The ALJ provided sufficient rationale for discounting Dr. Williams's opinions, and substantial evidence supports his evaluation. See Nichols, 2021 WL 4476658, at *7 (citing Eaton, 180 F.Supp.3d at 1055). The ALJ properly articulated his bases for discrediting Dr. Williams's opinions: they were inconsistent with and unsupported by the evidence as a whole. See R. 24. In doing so, he complied with the regulations. See 20 C.F.R. § 404.1520c(b)(3) (2020).

2. The ALJ properly evaluated Dr. Roque's opinions.

On June 19, 2019, Dr. Roque reviewed Plaintiff's records and determined he was not disabled. R. 123-163. She found that Plaintiff does not have marked and severe impairments in “acquiring and using new work related information[,] . . . attending to and completing tasks[,] . . . interacting with and relating to others[,]” or “adapting to typical changes and challenges[.]” R. 140-41. Dr. Roque opined Plaintiff could understand, remember, and carry out simple instructions; sustain attention to simple, familiar tasks; and adapt to typical changes and challenges in the work environment. Id. Finally, Dr. Roque offered several recommendations: Plaintiff “would benefit from a flexible schedule[,] . . . casual supervision[,] . . . his own work area/station[,] . . . a familiar, predictable work routine[,]” and supportive, encouraging feedback. Id.

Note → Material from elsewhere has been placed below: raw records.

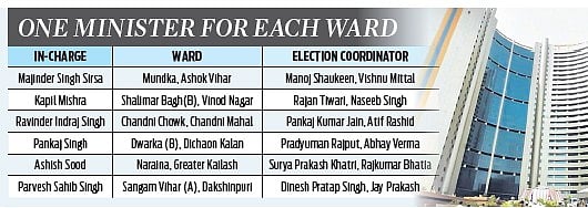 Under the directions of Delhi BJP president Virendra Sachdeva, district presidents held meetings with mandal office-bearers and senior workers from respective wards to plan election strategies. Sachdeva on Wednesday appointed election coordinators and nominated one minister in charge for each of the 12 wards.
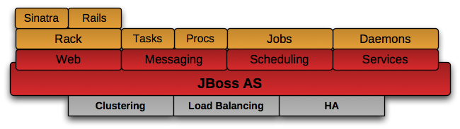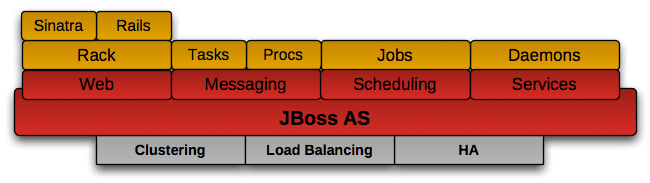 TorqueBox incluye un entorno complete cosntruido sobre JBoss AS y JRuby, lo que le da capacidades de clustering, HA, balanceo de carga out-of-the-box.
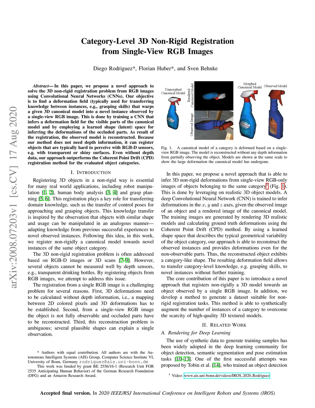 In this paper, we propose a novel approach to solve the 3D non-rigid registration problem from RGB images using Convolutional Neural Networks (CNNs). Our objective is to find a deformation field (typically used for transferring knowledge between instances, e.g., grasping skills) that warps a given 3D canonical model into a novel instance observed by a single-view RGB image. This is done by training a CNN that infers a deformation field for the visible parts of the canonical model and by employing a learned shape (latent) space for inferring the deformations of the occluded parts. As result of the registration, the observed model is reconstructed. Because our method does not need depth information, it can register objects that are typically hard to perceive with RGB-D sensors, e.g. with transparent or shiny surfaces. Even without depth data, our approach outperforms the Coherent Point Drift (CPD) registration method for the evaluated object categories.
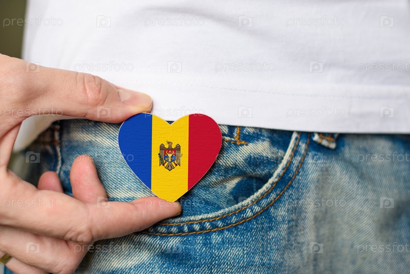 Патриот Молдовы! Деревянный значок с молдавским флагом в форме сердца в мужской руке
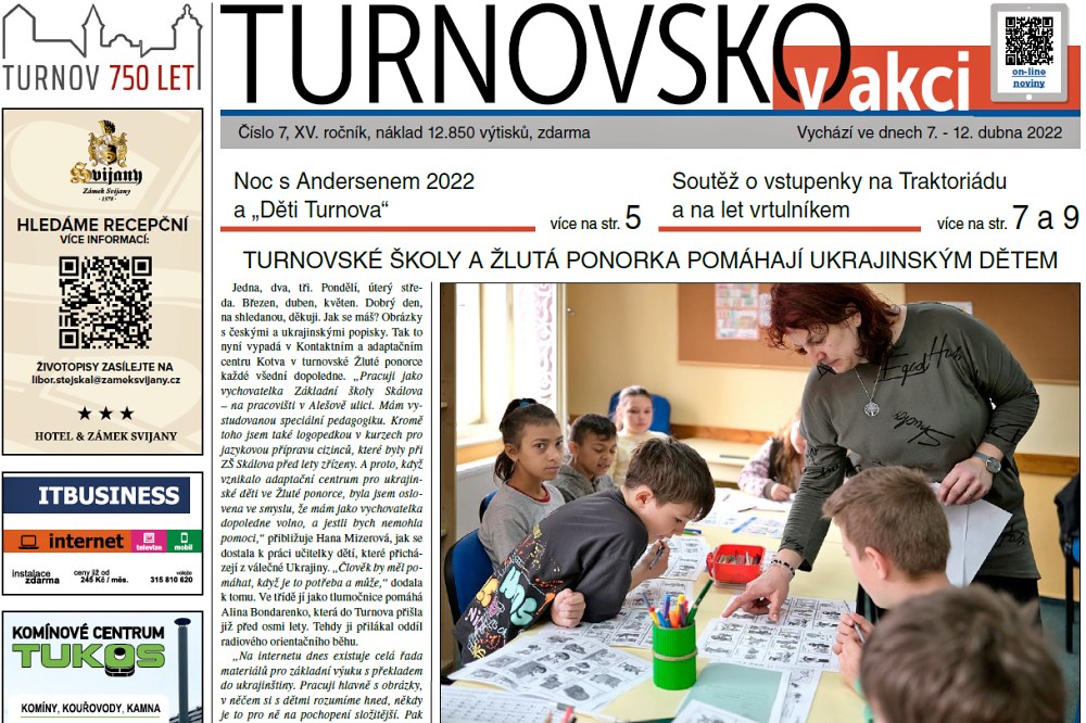 Turnovské školy a Žlutá ponorka pomáhají ukrajinským dětem, vize rozvoje města, revitalizace sídliště Přepeřská. Děti vynesly Moranu, jaro je tady. Den učitelů a ocenění pedagogové. Ohlédnutí za Nocí s Andersenem 2022, soutěže o volné vstupenky na Traktoriádu na Vyskři a na vyhlídkový let vrtulníkem. Součástí novin je kulturní a sportovní servis a společenská kronika.
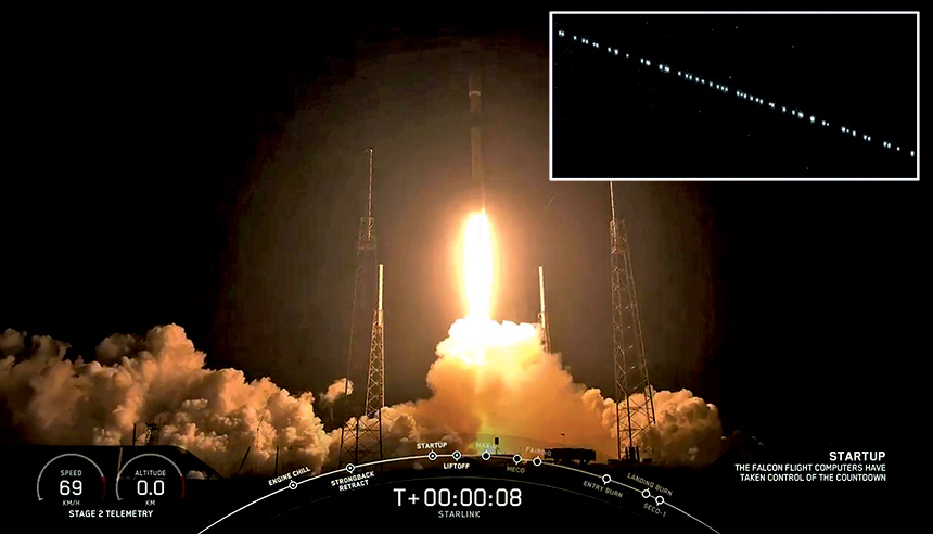 - Espace. Verra-t-on bientôt plus de satellites que d’étoiles dans le ciel ? C’est ce que craignent des astronomes après les derniers lancements de Space X.Si le ciel est dégagé, vous verrez peut-être défiler dans le ciel une chaîne de 60 points brillants, les premiers satellites de la constellation Starlink mise en orbite jeudi dernier par SpaceX, la société d’Elon Musk. C’est justement le fait qu’ils soient aussi visibles, et que leIl vous reste 89% de l'article à découvrir.Cet article est réservé aux abonnés.
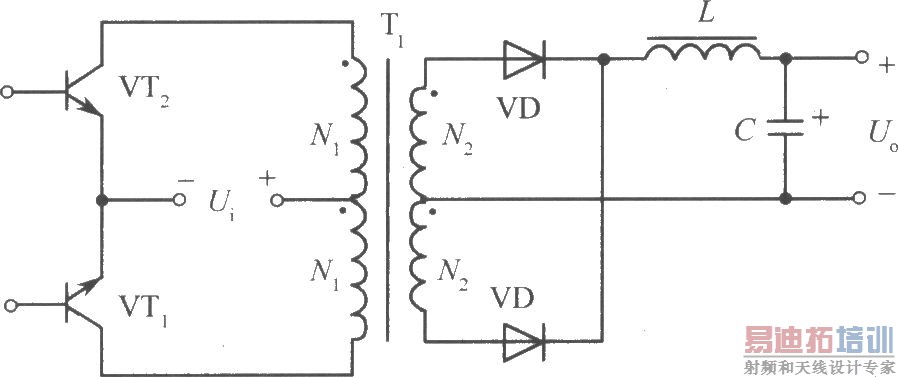 推挽式变换电路属于双端式变换电路。其高频变压器工作于磁滞回线的两侧,是一种设计简单、工作合理的线路,适用范围比较广。其典型电路如图所示。开关晶体管VT1、VT2由基极驱动电路激励交替导通与截止,输入直流电压Ui变换成高频方波交流电压。VT1导通时,Ui通过VT1加到变压器T1的初级绕组Nl上。由于变压器的作用,因此截止的晶体管VT2将施加于2倍的输入电压,即2Ui。当基极激励消失时,VT1、VT2管均截止。其集电极施加的电压均为输入电压Ui。下半个周期,VT2导通,VT1截止,VT1施加2倍的输入电压,接着又是两管截止,下一个周期重新开始。推挽式电路的主要缺点是开关晶体管的耐压要达到2倍的输入电源。电压的峰值,以220(1±10%)V的电网电压为例,稳态截止电压的最大值为680V,加上动态过程中的尖峰电压,开关晶体管必须要承受800V以上的电压。
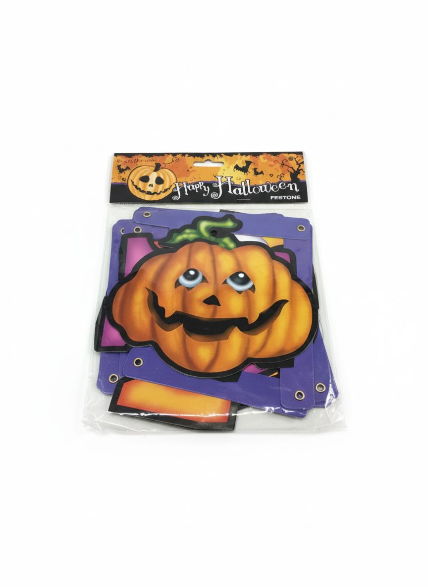 Porta l’allegria di Halloween nella tua casa con questo festone “Happy Halloween” originale e colorato! Confezione completa per creare un banner decorativo a tema zucca, composto da pezzi in cartoncino resistente arancione e viola, con un simpatico jack-o’-lantern sorridente e lettere pronte da assemblare. Ideale per feste, party a tema, decorazioni per finestre o porte – facile da appendere grazie ai fori preforati. Perfetto per bambini e famiglie, aggiunge un tocco spettrale ma divertente alla tua celebrazione. Non aspettare, ordina ora e illumina la tua notte di dolcetti o scherzetti! 🎃👻
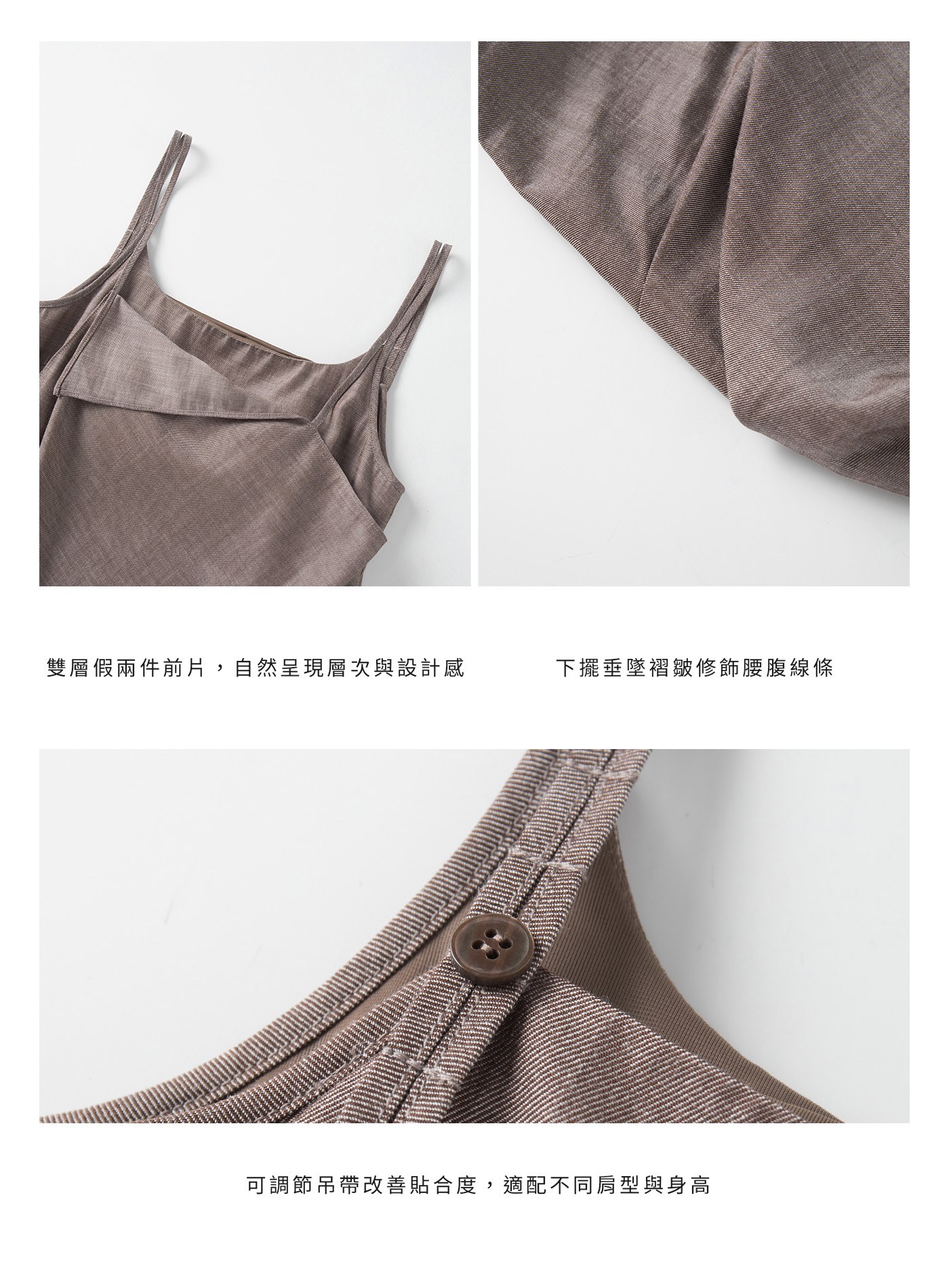 - 前片雙層結構營造假兩件視覺效果,單穿即可展現層次與設計感
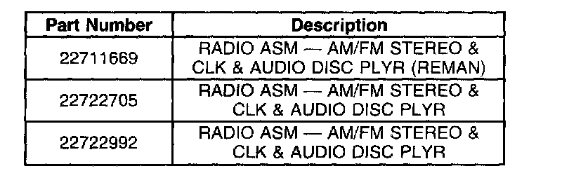 Changes to the AM/FM Stereo and Audio Disc Player Radio (RPO U1C)
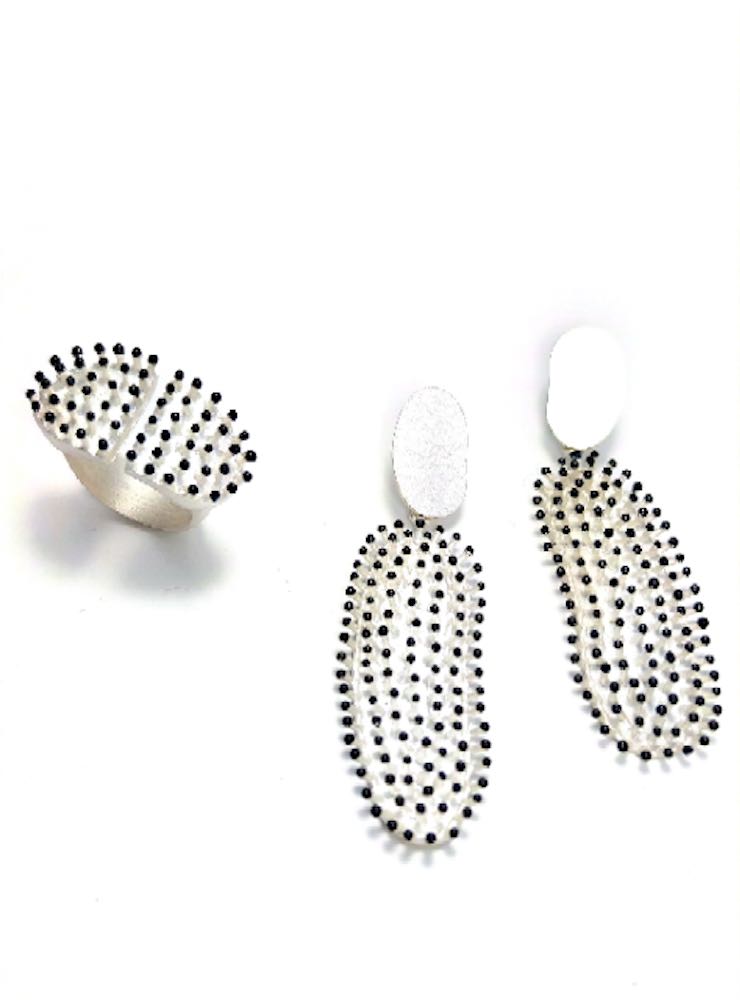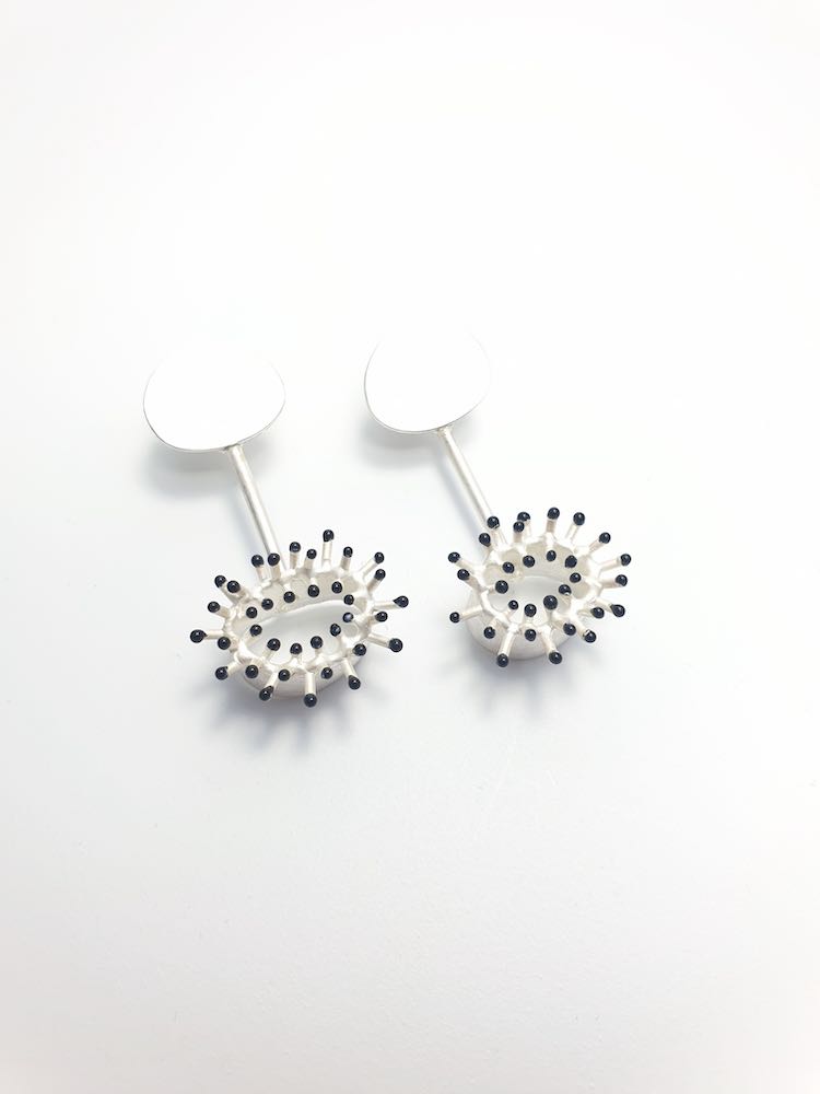 Die stacheligen, filigranen Formen modelliert sie in Wachs, anschliessend werden sie dann in Silber gegossen.
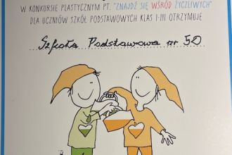 21 listopada uczniowie klas trzecich, którzy brali udział w stworzeniu pracy plastycznej na konkurs „Znajdź się wśród życzliwych” zorganizowany przez UMW odebrali nagrodę za zajęcie drugiego miejsca.
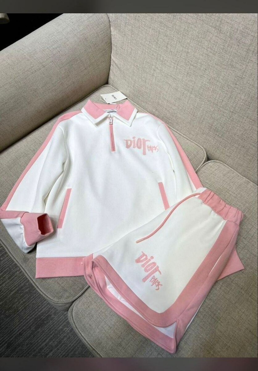 Ensemble survêtement Dior en blanc et rose ou gris pour femmes. Conçu pour le confort et le style, cet ensemble comprend une veste zippée et un pantalon assorti. Idéal pour les activités sportives ou le quotidien décontracté.
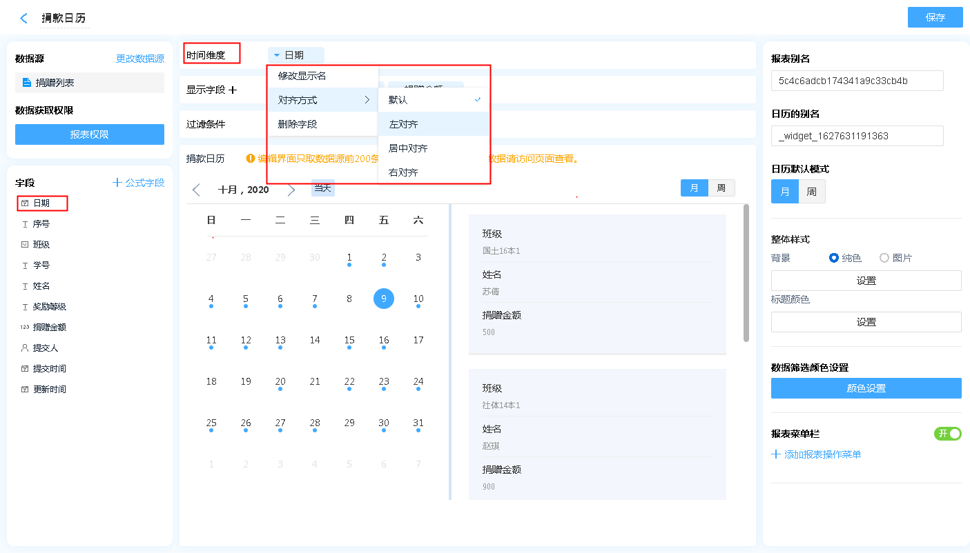 日历的设计区分为 维度、显示字段、过滤条件以及数据显示区。

The ALJ found these opinions partially persuasive because “they are somewhat consistent with the evidence of record.” R. 24. Specifically, he found “there was sufficient evidence of record to evaluate” Plaintiff's disability insurance claim based on his “outpatient mental health treatment notes, including multiple mental status examinations that show relatively benign clinical findings[] on a consistent basis beginning April 2015[.]” Id. As for Plaintiff's SSI claim, the ALJ found Dr. Roque's opinion “generally consistent with the evidence of record, including the hearing testimony, limited and routine outpatient treatment, and mental status examinations that fail to show significant clinical abnormalities[.]” Id.

Plaintiff's RFC was consistent with Dr. Roque's opinions: the RFC limits Plaintiff to simple and routine tasks, simple decisions, occasional changes in the work setting, and occasional interaction with supervisors and coworkers. R. 20. Still, Plaintiff argues the ALJ erred by not adopting all of Dr. Roque's recommendations, such as the suggestions that Plaintiff would benefit from a flexible schedule, an isolated work area, and supportive feedback. Id.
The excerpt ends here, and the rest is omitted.